Me hubiera gustado que tuvieran un caballo y un sulky (carruaje liviano de dos ruedas) en esa época en la que todavía no circulaban demasiados automóviles, para facilitar el desplazamiento de mis abuelos, por ejemplo, cuando mi abuela paría un hijo tras otro, pero lo más probable es que caminaran hasta el pueblo, cuando se trataba de hacer algún trámite, y que mi abuela pariera en su propia cama, ayudada por alguna de las vecinas o las hijas mayores.
La escuela quedaba lejos de todo y era un lujo para los hijos que no estaban ocupados en mantener la producción de la chacra. Si alguien les escribía una carta, no había cartero que se aventurara tan lejos, por lo que la correspondencia dirigida a ellos quedaba depositada en el comercio más próximo, adonde ellos acudían en busca de comestibles.
Toda la vida del grupo familiar se organizaba en torno al pequeño territorio de la chacra. No estoy seguro de que tuvieran electricidad, y en tal caso se iluminarían en las noches con débiles lámparas de kerosene. Si la electricidad hubiera llegado a ese lugar, la radio pudo ser su contacto más directo con el resto del mundo: ellos se habrían enterado por las emisiones radiales de las guerras mundiales, de las crisis económicas, de las canciones de moda, pero incluso en tal caso, el contacto con el resto del mundo hubiera sido unilateral, porque la posibilidad del diálogo que suministra el teléfono, todavía les resultaba desconocido.
Mis abuelos maternos vivían (también murieron) muy lejos de comodidades que para mí son imprescindibles en la actualidad, limitados a una visión del mundo que me cuesta reconstruir. Al evocarlos, no pretendo demostrar los cambios que ha sufrido la sociedad en poco más de un siglo, sino confesar la extrañeza ante la pluralidad de experiencias que revelan esos cambios.
Mis abuelos paternos vivían en el perímetro de San Pedro. Él era más de veinte años mayor que ella, y antes de casarse había juntado suficiente dinero en su comercio, como para viajar dos veces a Europa y visitar las grandes ferias mundiales de la época. Allá adquiría pinturas mitológicas cuyo significado es probable que no conociera, juntaba enciclopedias y libros de Historia ilustrados, que años más tarde terminaron arrumbándose en un cobertizo, junto a la pieza de la empleada, porque nadie los apreciaba, mandaba a sus dos hijos varones a estudiar en el viejo Colegio de San Carlos, internados, lejos de San Pedro, como parte de un proceso que hubiera debido culminar con ambos convertidos en profesionales universitarios.

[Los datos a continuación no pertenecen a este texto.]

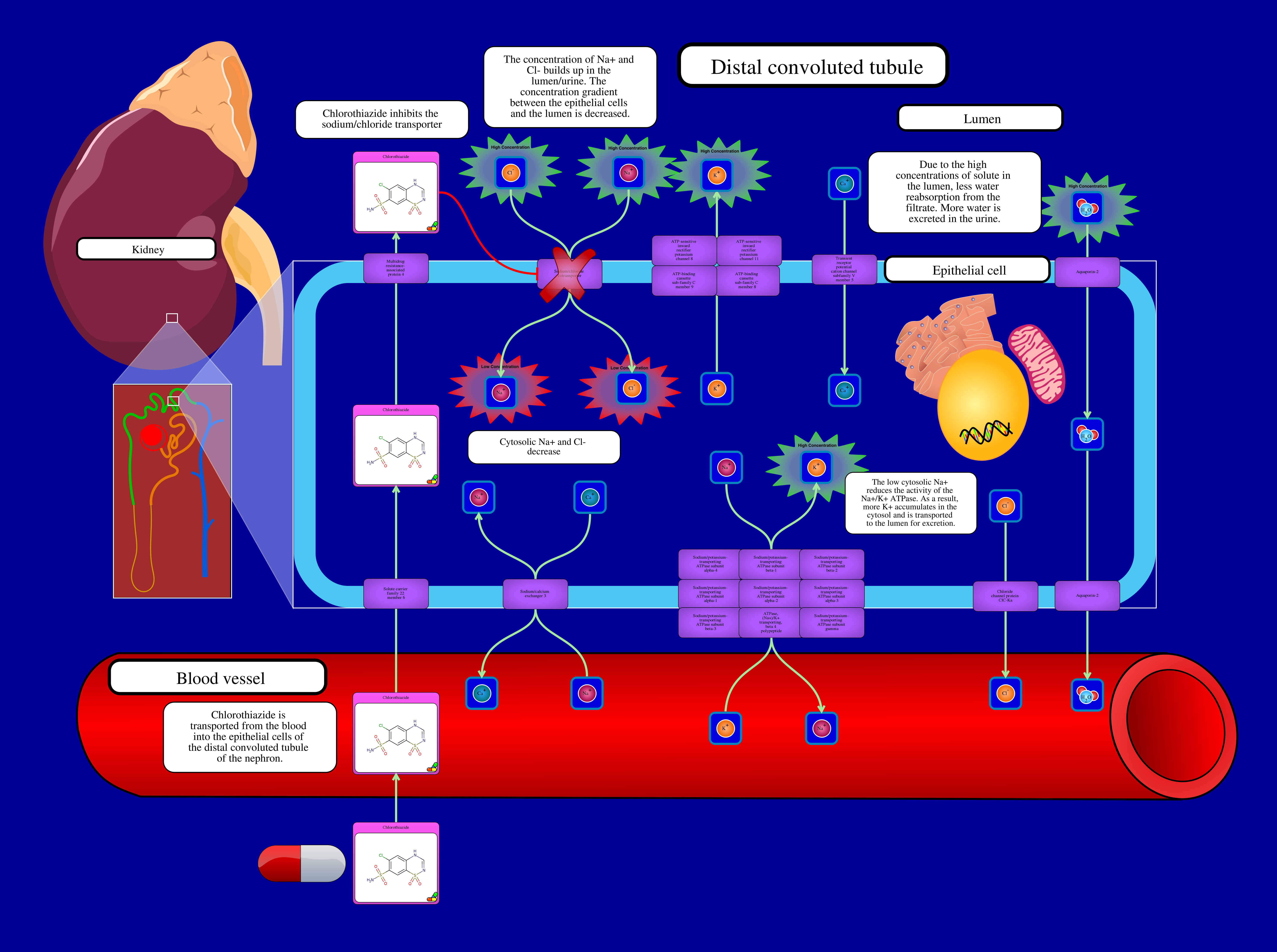 Chlorothiazide is an oral diuretic drug which acts in the kidney, specifically in the distal convoluted tubule of the nephron. It is used as adjunctive therapy in edema associated with congestive heart failure, hepatic cirrhosis, and corticosteroid and estrogen therapy. It is also indicated in the management of hypertension either as the sole therapeutic agent or to enhance the effectiveness of other antihypertensive drugs in the more severe forms of hypertension. In the distal convoluted tubule (DCT), the regulation of ions such as sodium, potassium, calcium, chloride and magnesium occurs. In epithelial cells of the DCT, the basolateral membrane consists of the Na+/K+ ATPase, which pumps Na+ into the interstitium-blood area and K+ into the epithelial cell; the Na+/Ca2+ exchanger, which pumps Na+ into the cell and Ca2+ into the interstitium-blood; and the chloride transporter which transports chloride into the interstitium-blood. The apical membrane contains a calcium channel that transports calcium from the lumen into the epithelial cell, a potassium channel that transports K+ out of the epithelial cell, and a Na+/Cl- cotransporter which transports Na+ and Cl- into the epithelial cell. Chlorothiazide targets this Na+/Cl- cotransporter. Chlorothiazide is transported from the blood into the epithelial cells, then is transported into the urine through the multidrug-resistant associated protein-4. In the lumen it has access to the Na+/Cl- transporter and inhibits it preventing Na+ reabsorption. The inhibition of Na+ reabsorption results in a low cytosolic concentration of Na+ and increases the solute concentration of the lumen. This decreases the lumen-epithelial cell concentration gradient and as a result, less water would be reabsorbed from the urine. This effect is valued in conditions such as hypertension because it allows more water to be excreted in urine rather than be absorbed in the blood which increases blood volume. Side effects such as frequent urination, muscle spasms, blurred vision, constipation, diarrhea, vomiting, loss of appetite, and headache can occur from taking chlorothiazide. This drug is administered as an oral tablet or as an intravenous injection.

Ningún proyecto de mi abuelo pudo estar más descaminado. Mi padre detestaba que lo obligaran a estudiar violín y en lugar de plantearlo de ese modo, en el taller del colegio se las compuso para dañarse un dedo por el resto de su vida.
Luego, a los dieciocho, mi abuelo le entregó las llaves de un auto que mi padre chocó, ignoro si alcoholizado o no. En lugar de informarlo, se metió en cama, a la espera de no imagino qué milagro capaz de librarlo de la inevitable reprimenda de mi abuelo, porque tenía una costilla rota.
La idea de que sus hijos varones se limitaran a ser comerciantes como él, nunca satisfizo demasiado a mi abuelo, pero al fin y al cabo eso era todo lo que cabía esperar de ellos, por lo que diez años antes de morir, se apresuró a repartirles una herencia que no se habían ganado.
Mi abuelo paterno era un hombre bien informado, menos por los estudios formales que nunca tuvo, que por la decisión de mantenerse actualizado. Cuando tenía setenta años cambió de oficio, dejó el comercio que había atendido desde la infancia a un sobrino político, y luego a mi padre, el mayor de los hijos varones, se mudó con el resto de la familia a una ciudad más grande, Mar del Plata, en la que supuso que sus hijas tendrían mejores oportunidades de hallar marido, instaló un hotel con el nombre de su comarca y aprendió a tocar el piano sin ayuda de nadie. Era un hombre a quien la gente recordaba como alguien decidido, rara vez amable, pero de todos modos digno de admiración, que se hizo a sí mismo y marcó la existencia de quienes lo rodeaban.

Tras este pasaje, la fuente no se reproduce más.